# Forgeworld Releases 2011-11-11



## xenobiotic (Jun 7, 2008)

> Lord of the Black Fortress, Master of the Legion of Azgorh, potent warrior and mighty Sorcerer-Prophet of Hashut, Drazhoath the Ashen leads his war host from the fore mounted upon the fell Bale Taurus Cinderbreath.
> 
> Drazhoath the Ashen on Cinderbreath, designed by Steve Whitehead, is a breathtakingly detailed full resin model, and a unique special character for the Legion of Azgorh army list published in Tamurkhan: The Throne of Chaos.
> 
> ...



















http://www.forgeworld.co.uk/New_Stuff/DRAZHOATH-THE-ASHEN.html


----------



## bitsandkits (Mar 18, 2008)

Yet again that is some frightening detail, i consider myself a fair painter of detail, but i doubt i have the skill to do that justice


----------



## Stephen_Newman (Jul 14, 2009)

Forge World continue to astound me and surprise me with their great models. I really look forward to their fantasy releases in the future.


----------



## IanC (Sep 3, 2010)

Boo  I wanted a generic Daemonsmith on Tarus, not the special character guy


----------



## Djinn24 (Jan 12, 2008)

I want to play these guys more and more!


----------



## xenobiotic (Jun 7, 2008)

I'm also very impressed by the huge amount of details on the Chaos Dwarf rider, Drazhoath, truly a lovely miniature that portraits the skills of the sculptors over at Forge World / Warhammer Forge very well. I have to restrain myself in order to not go on a splurge and get this miniature (since buying it would probably lead to me getting an entire CD army).

I can't keep myself from fearing how the miniature would look on the "sprues" or on the field though. There are a lot of pointy details that could easily break in transport or from heavy handling.


----------



## Daemon Prince Paintbox (Feb 21, 2011)

I want that rider!


----------



## effigy22 (Jun 29, 2008)

Love the model... but dont you just want to shout "KALIMA!!!!" when he charges in to combat?


----------



## Vaz (Mar 19, 2008)

xenobiotic said:


> I'm also very impressed by the huge amount of details on the Chaos Dwarf rider, Drazhoath, truly a lovely miniature that portraits the skills of the sculptors over at Forge World / Warhammer Forge very well. I have to restrain myself in order to not go on a splurge and get this miniature (since buying it would probably lead to me getting an entire CD army).
> 
> I can't keep myself from fearing how the miniature would look on the "sprues" or on the field though. There are a lot of pointy details that could easily break in transport or from heavy handling.
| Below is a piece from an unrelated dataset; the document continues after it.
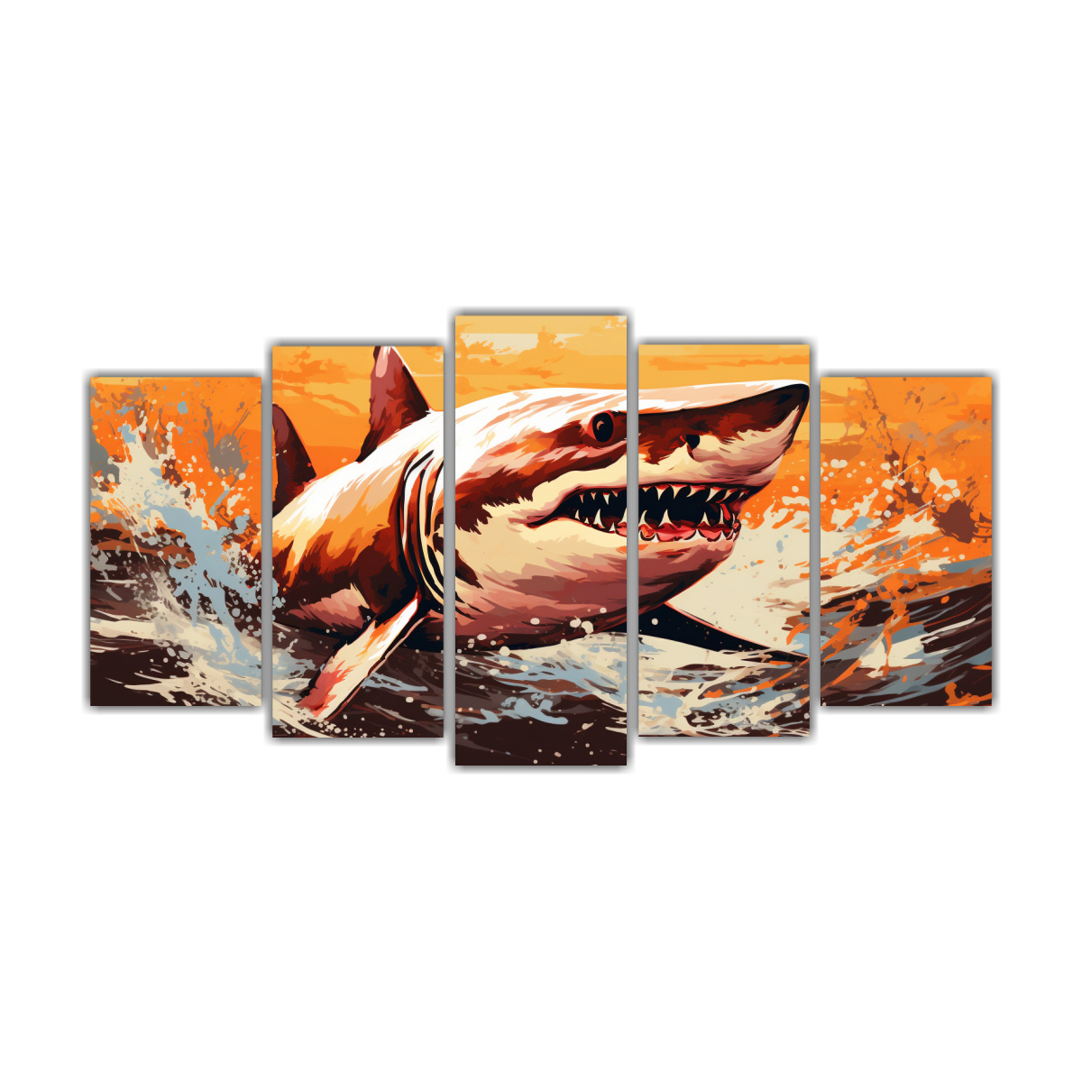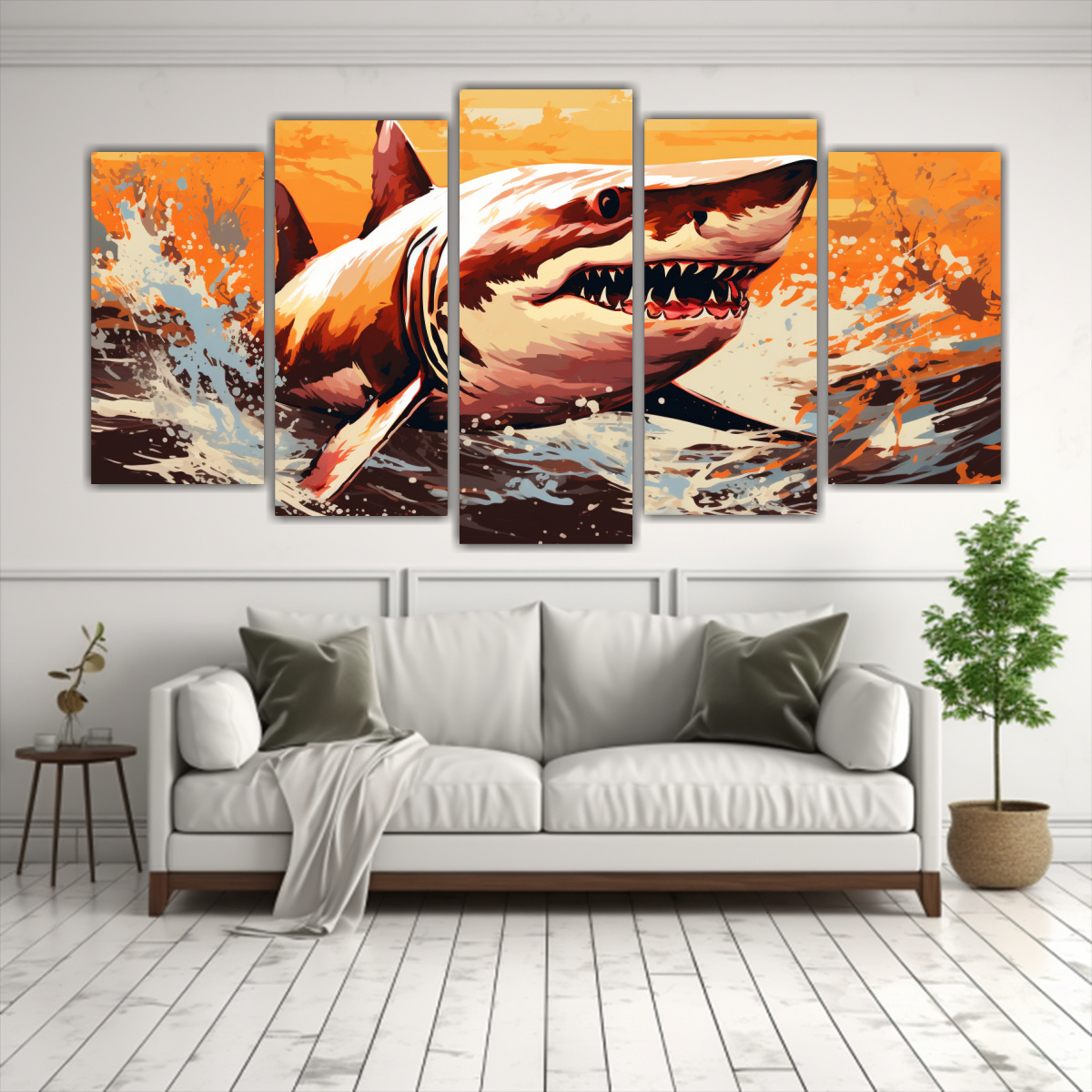 Este Cuadro de Tiburón Tigre de Arena en tonos marrón y mandarina es ideal para decorar tu sala de estar o estudio Combínalo con muebles en tonos beige, gris y amarillo claro para crear un ambiente moderno y sofisticado ¡Atrévete a darle vida a tus paredes con esta pieza única!

I would dearly love to see the Chaos Dwarves done under your hands. There aren't many painters out there who could do them the justice. Even the basic infantry have so many minor details that the typical Chaos Warriors or Dwarf Warriors can't compete with (despite being overall fairly similar) that it's insane.


----------



## xenobiotic (Jun 7, 2008)

Vaz said:


> I would dearly love to see the Chaos Dwarves done under your hands. There aren't many painters out there who could do them the justice. Even the basic infantry have so many minor details that the typical Chaos Warriors or Dwarf Warriors can't compete with (despite being overall fairly similar) that it's insane.


[mumbles incoherently and heads over to ForgeWorld to think about ordering Tamurkhan the Throne of Chaos]


----------



## HOBO (Dec 7, 2007)

Lovely models!
Just placed an order for some CD including Drazhoath, but it's a bit difficult coming up with an armylist seen as the Bull Centaurs and K'daai haven't even been started on yet, model-wise anyway...hopefully not too long before they do.


----------



## Eviltim (Sep 25, 2008)

effigy22 said:


> Love the model... but dont you just want to shout "KALIMA!!!!" when he charges in to combat?


Pffft, don't be sill.... Okay, yes, yes I do.


----------